There are several maths and statistical libraries for Scala (e.g. Scalalab, Breeze). Much more interestingly, however, is that Scala has access to a well-designed library for scalable data analytics via Apache Spark. More on that later!

Scala has a REPL (Read-Eval-Print Loop). This, essentially, is an interactive console in which we can write Scala code and have it evaluated in front of our eyes, in real time. In other words, we don’t have to build a functioning program with a main method. Want to know what 2 + 2 is? Fire up the Scala REPL and type in “2 + 2”. The interactive analysis that the REPL affords us means that we can perform interactive data analysis in real time.

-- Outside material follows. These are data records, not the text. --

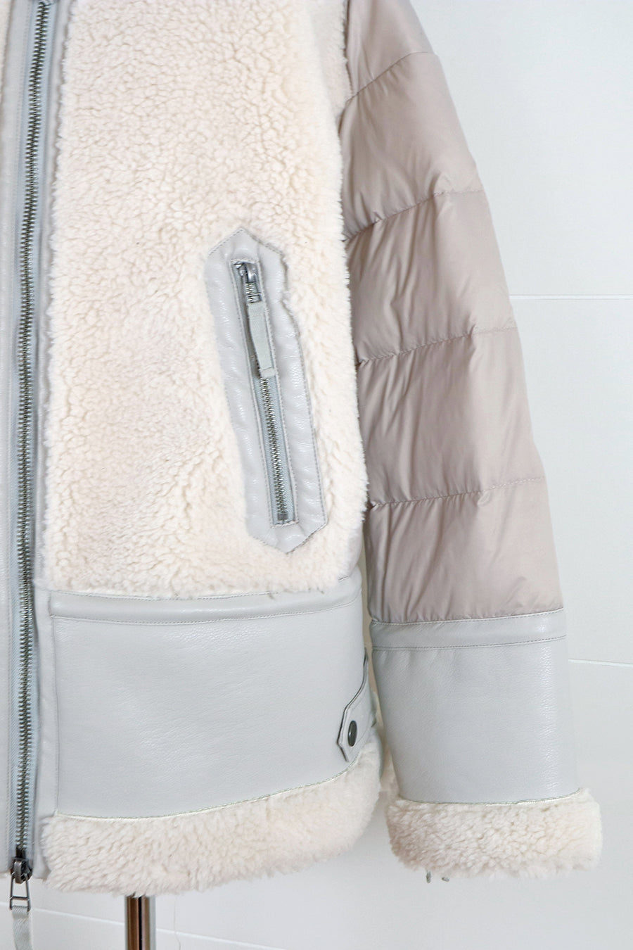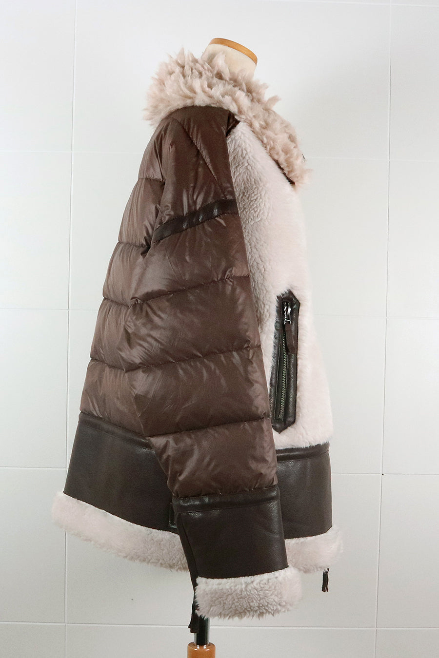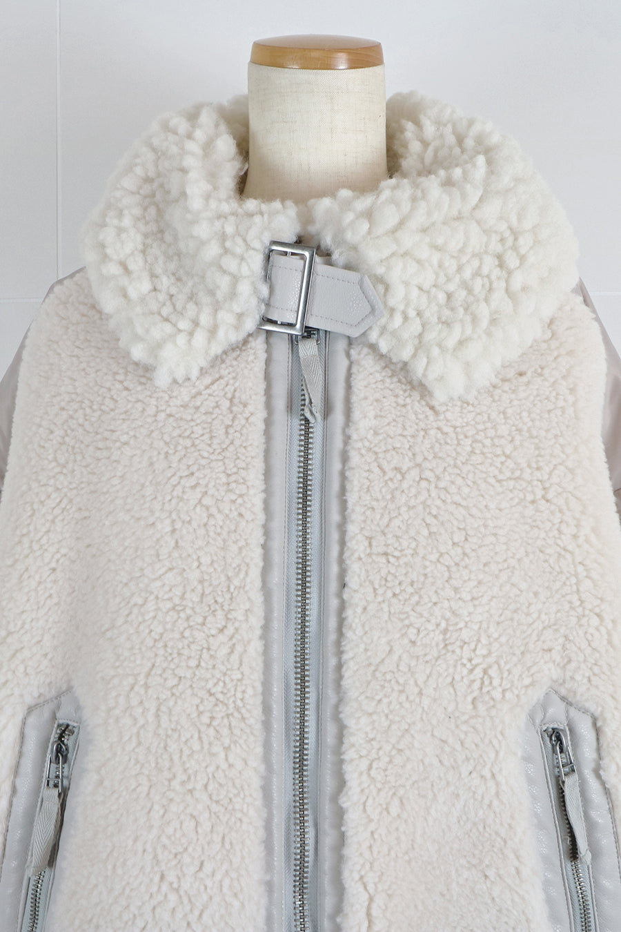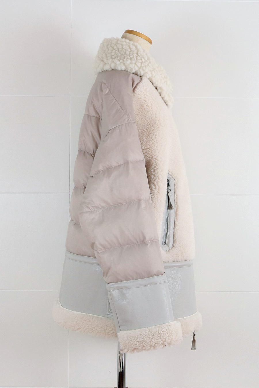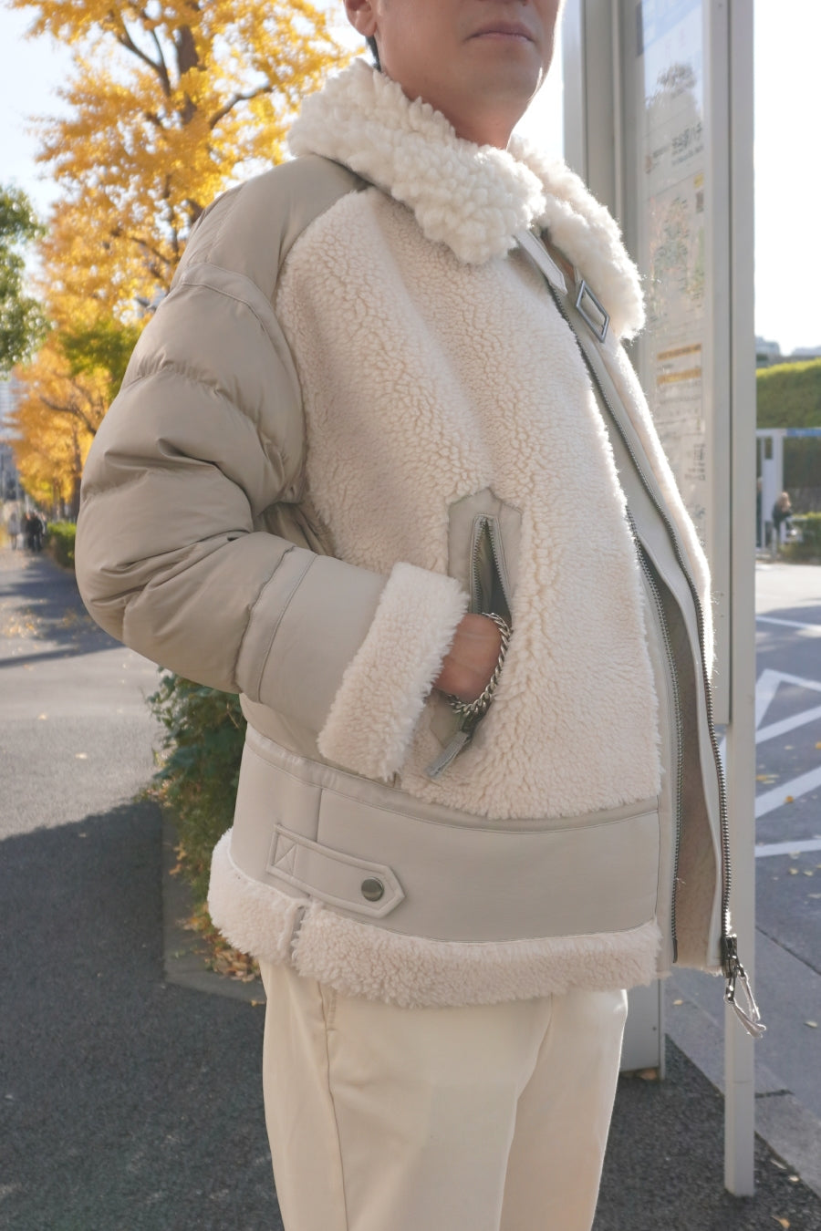 レザーとボアをボンディング加工し、フェイクムートンとタフタダウンをコンビネーションしたB-3ジャケットです。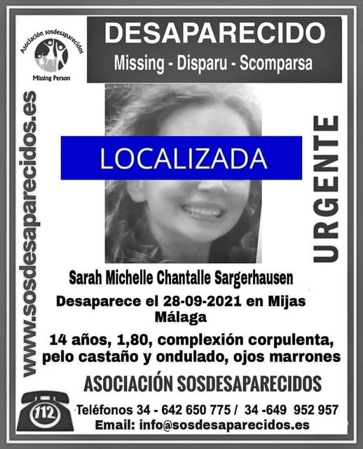 Den 14-årige Sarah Michelle Chantalle Sargerhausen, der forsvandt den 28. september i Mijas, dukkede op lørdag aften i Puerto Banús i Marbella.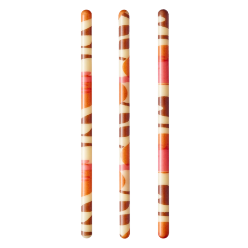 Zestaw czekoladowych dekoracji w formie długich patyczków z artystycznym i kolorowym nadrukiem. Dekoracja inspirowana podróżami i malarstwem z różnych zakątków świata.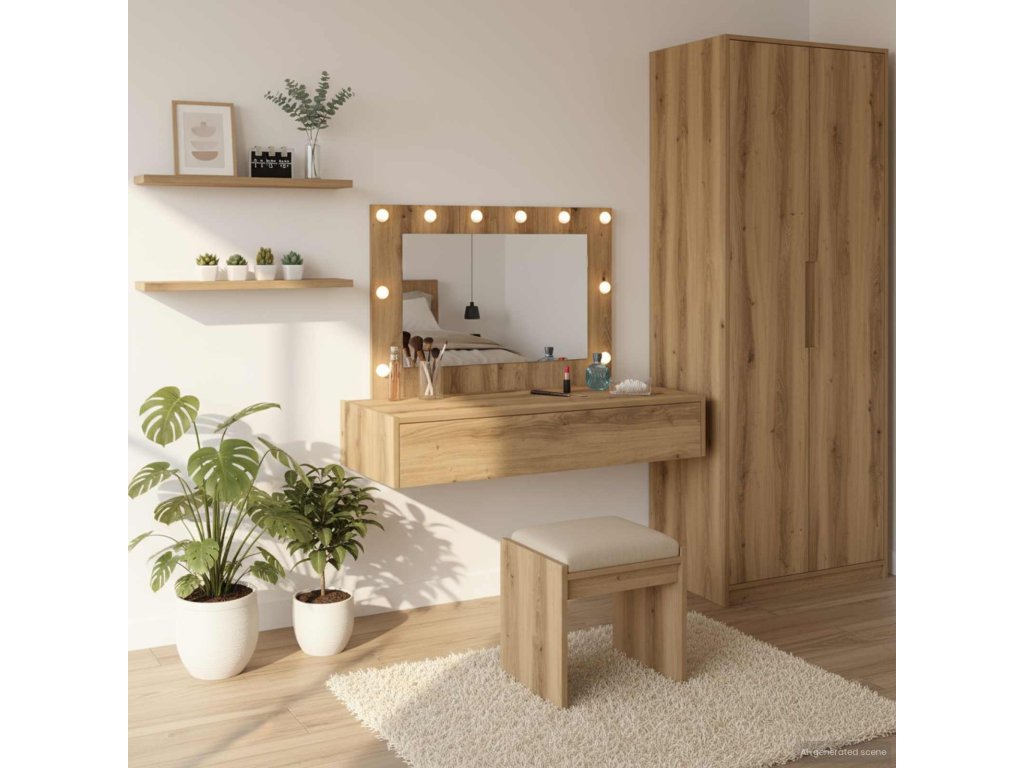 - Prostorné úložné možnosti: Díky dobře navrženým zásuvkám tento toaletní stolek nabízí skvělý způsob, jak udržet kosmetiku, šperky a další nezbytnosti na svém místě. Hladké posuvy zajišťují rychlý přístup a čistý vzhled, když jsou zavřené. Tato funkce maximalizuje využití prostoru bez nepořádku.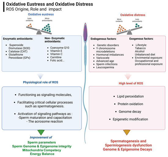 Figure 2. The sources of ROS, their role in spermatozoa function according to the oxidant/antioxidant imbalance, and the contribution of antioxidants to the male reproductive system.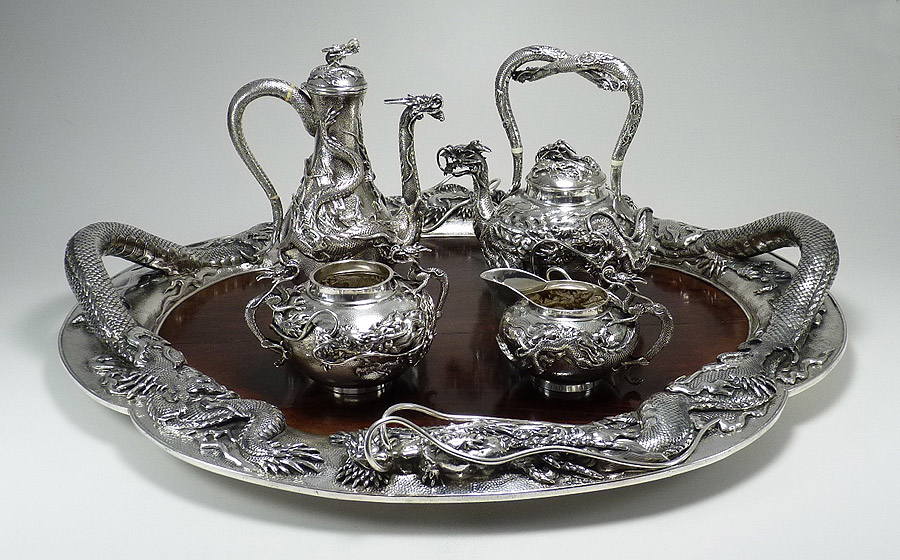 This magnificent teaset shipped to me from Hong Kong required an enormous amout of work. I forged new sterling wiskers for every dragon head because they were missing. This image is the finished set. |

Finally, Scala allows imperative programming (spit) for those rare occasions when it makes sense. Some data analytics problems will be more efficient if tackled in an imperative fashion (don’t ask me what they might be).

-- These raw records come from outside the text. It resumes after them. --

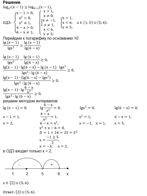 1б){log_(x-1)(6-x) ≥ log_(x-1)x^2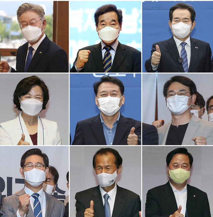 ▲ 더불어민주당 제20대 대통령선거 경선에 나서는 9명의 예비후보들. 사진 맨 윗줄 왼쪽부터 이재명 경기도지사, 이낙연 전 대표, 정세균 전 국무총리. 두 번째줄 왼쪽부터 추미애 전 법무부 장관, 이광재 의원, 박용진 의원. 사진 맨 아래 왼쪽부터 양승조 충남도지사, 최문순 강원도지사, 김두관 의원. [사진=연합뉴스] |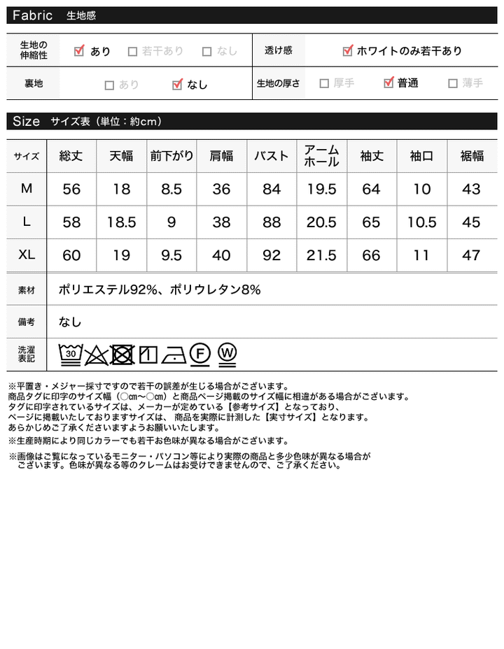 | サイズ | 総丈 | 天幅 | 前下がり | 肩幅 | バスト | アームホール | 袖丈 | 袖口 | 裾幅 |
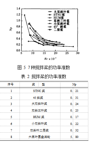 STNC槳, **大的是六直葉圓盤渦輪。在評價攪拌器的混合性能時, 常常采用混合效率數(shù) C e 來比較混合效率的高低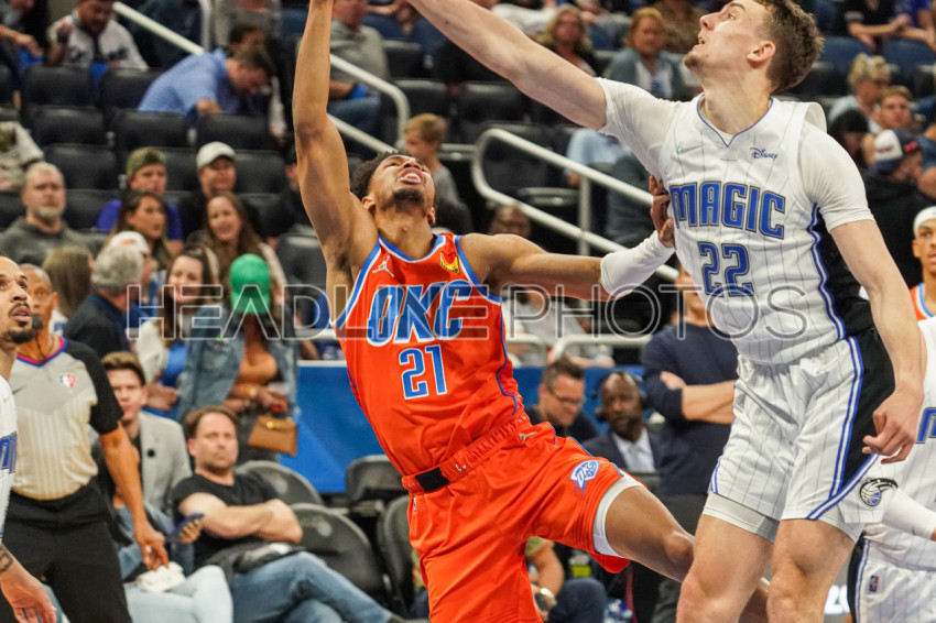 Orlando, Florida, USA, March 20, 2022, Oklahoma Thunder Shooting Guard Aaron Wiggins #21 attempt to make a basket at the Amway Center. (Photo Credit: Marty Jean-Louis)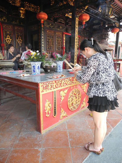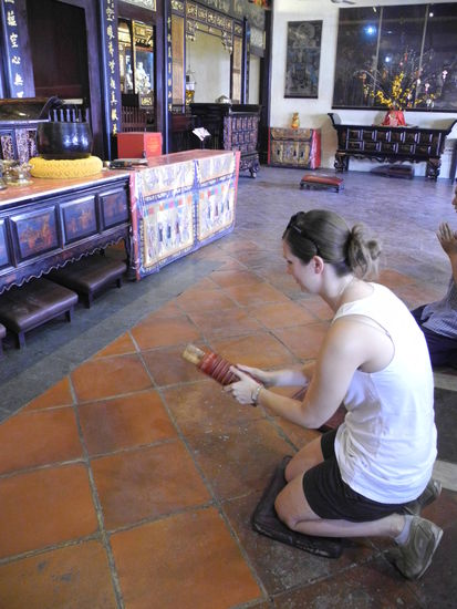 In einem chinesischen Tempel hatten wir Leute dabei beobachtet, wie sie eine Schachtel mit vielen Stäbchen so lange geschüttelt haben, bis eines der Stäbchen heraus gefallen ist. Wir hatten uns gefragt, was dies wohl genau bedeuten würde. Kurz danach knieten wir ebenfalls vor dem Altar und taten das gleiche. Man erzählte uns, dass man an ein Problem oder ähnliches denken sollte. Dann rüttelt man so lange bis ein Stäbchen raus fällt. Darauf steht wiederum eine Nummer für eine Geschichte und diese kann man in einem Buch nach lesen. Eine Frau hatte uns sehr nett geholfen. Sie fragte mich, ob ich verheiratet wäre. Wenn nicht, sollte ich mich damit sehr beeilen, sonst würde meine Geschichte nicht gut ausgehen Hilfe!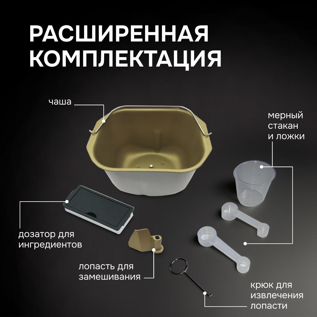 Модель оснащена 19 автоматическими программами для замешивания теста, приготовления разного вида хлеба, кексов, йогуртов, варенья. Максимальный вес получаемой выпечки составляет 1000 г. Для добавления в хлеб орехов, сухофруктов предусмотрен специальный диспенсер. Можно выбрать один из трех вариантов цвета корочки. Отложенный старт дает возможность переносить включение устройства на 15 часов. Сохранение программы при отключении питания — 10 минут. Предусмотрено поддержание температуры выпечки.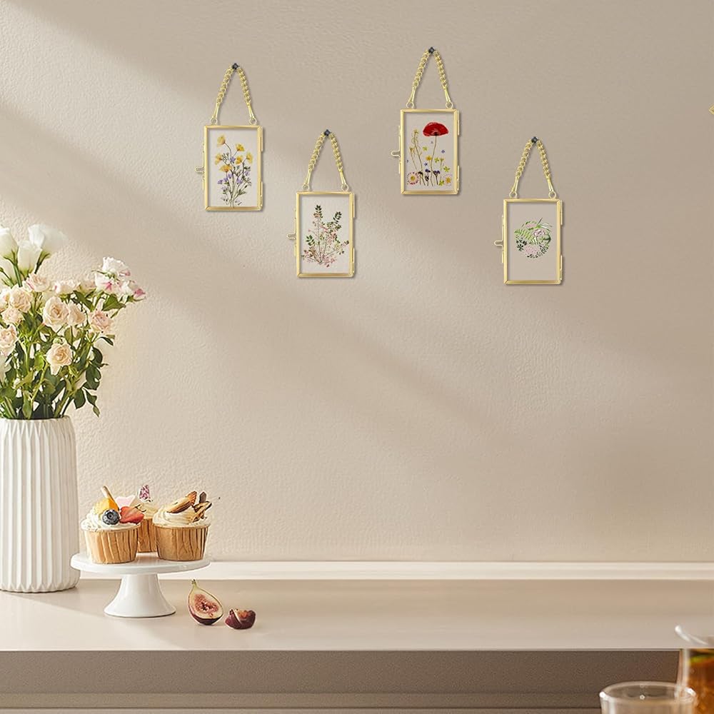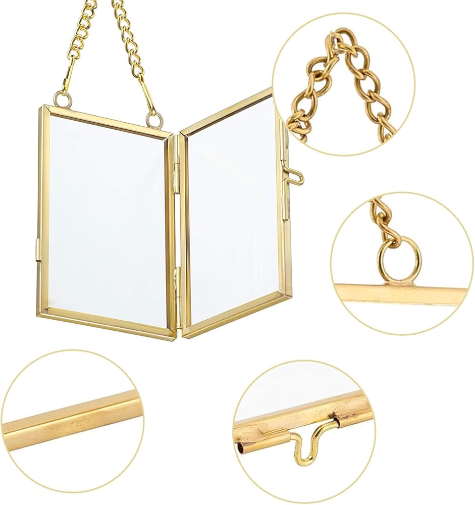 Make an exhibition of yourself. This Picture Frame is made of high quality and durable Brass, High Definition Glass,High quality and durable, with a gold metal Chain, can be hanged on the wall easily.The glass front and back make them great for photographs, or other precious keepsakes like postcards, concert tickets and drawings.Give your favourite pics pride of place with our hanging photo frame.

No language is perfect, even Scala. It doesn’t have excellent data visualisation capability built in, nor does it have a huge number of statistical routines in the standard library, as R does, for example. These things are relatively easy to fix given a suitable language and platform, however. The community can contribute such features. On the other hand the community can do relatively little about a rubbish language and platform!

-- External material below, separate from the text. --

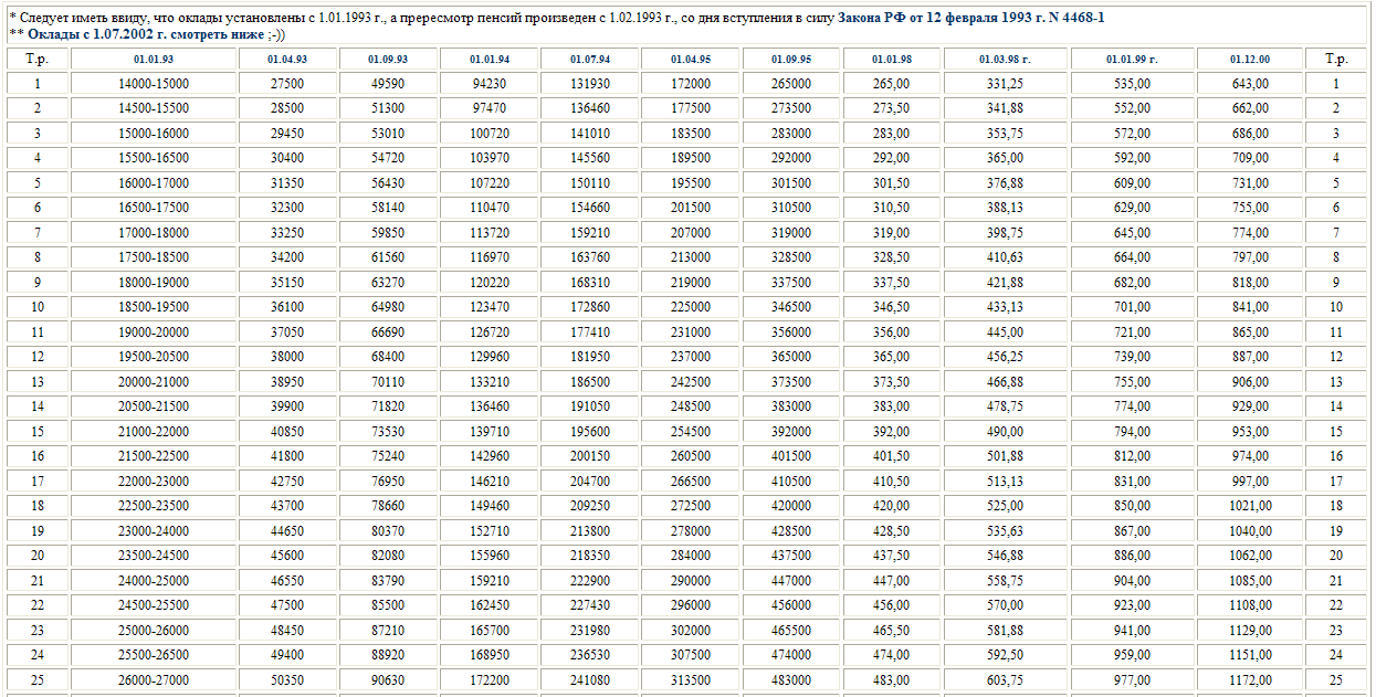Всем праздничного Доброго дня. Мы с товарищем занялись "раскопками" возникшего вопроса: В расчётной книжке при увольнении расписан должностной оклад= 301,5руб., 4 тарифный разряд. Однако в Нэте нашли сведения, что по состоянию на декабрь 1998г. размер этого должностного оклада соответствовал 5 тарифному разряду.В облвоенкомате ему твердят одно - для руководства нам необходимо всего лишь запись в расчётной книжке.Тарифный разряд присваивается должности согласно приказу МО РФ.

The Big One: Scala is designed for parallelism, concurrency and scalability

The above three attributes are of vital importance in data analytics. Huge and ever-changing datasets mean that we must be extremely concerned with scalability, and scalability is largely a question of parallelism and concurrency. Scala, as a functional language, handles parallelism and concurrency elegantly and efficiently. Immutability, immutable data structures and monadic design reduce the complexity of multi-threaded software. Each module of functionality is independent and doesn’t really care what the other modules are doing. Compare this to a Java object, for example, which must be painfully aware of what other modules are doing to its various variables.

(Have you wondered where the name Scala comes from? Answers on a postcard.)

Scala works particularly well with Spark

Since Scala handles parallelism and concurrency so efficiently, and parallelism and efficiency are so important for data analytics, it should come as no surprise that Scala is the language in which Spark is written. Spark is a ‘general engine for large-scale data processing’.

Why is Spark great? It processes huge data sets far quicker than other data engines such as Hadoop, and allows for real time, in-process querying of data sets. Other engines based on Google’s MapReduce algorithm are designed for batch processing. In other words, the developer must process his or her data before querying it.

Since Spark is written in Scala it comes as no surprise that using Scala with Spark is a relatively seamless experience. We can interactively query datasets using the Scala REPL, and easily manipulate Spark’s Resilient Distributed Datasets (which are based on Scala collections) as local monolithic objects.

Finally

In conclusion, Scala is great in general and for data analytics specifically. If you are interested in coding in general you should take a look at Scala. If you are also interested in data analytics in particular you should definitely take a closer look at the language. And, while you’re at it, take a look at Spark also 🙂

Sources

http://www.eecs.berkeley.edu/~matei/talks/2012/spark_scala_days_2012.pdf

http://www.slideshare.net/knoldus/unicom-ppt-big-data-delhi

http://java.dzone.com/articles/apache-spark-fast-big-data

http://stackoverflow.com/questions/8760925/is-there-a-good-math-stats-library-for-scala

but mostly

http://darrenjw.wordpress.com/2013/12/23/scala-as-a-platform-for-statistical-computing-and-data-science/

I didn’t end up using much from the following link but it is a motherlode of valuable-looking Scala resources:

http://www.ibm.com/developerworks/library/os-spark/

P.S.

http://scala.com/digital-signage-software/advanced-analytics/

I was quite excited by this link, thinking it was some powerful Scala analytics library!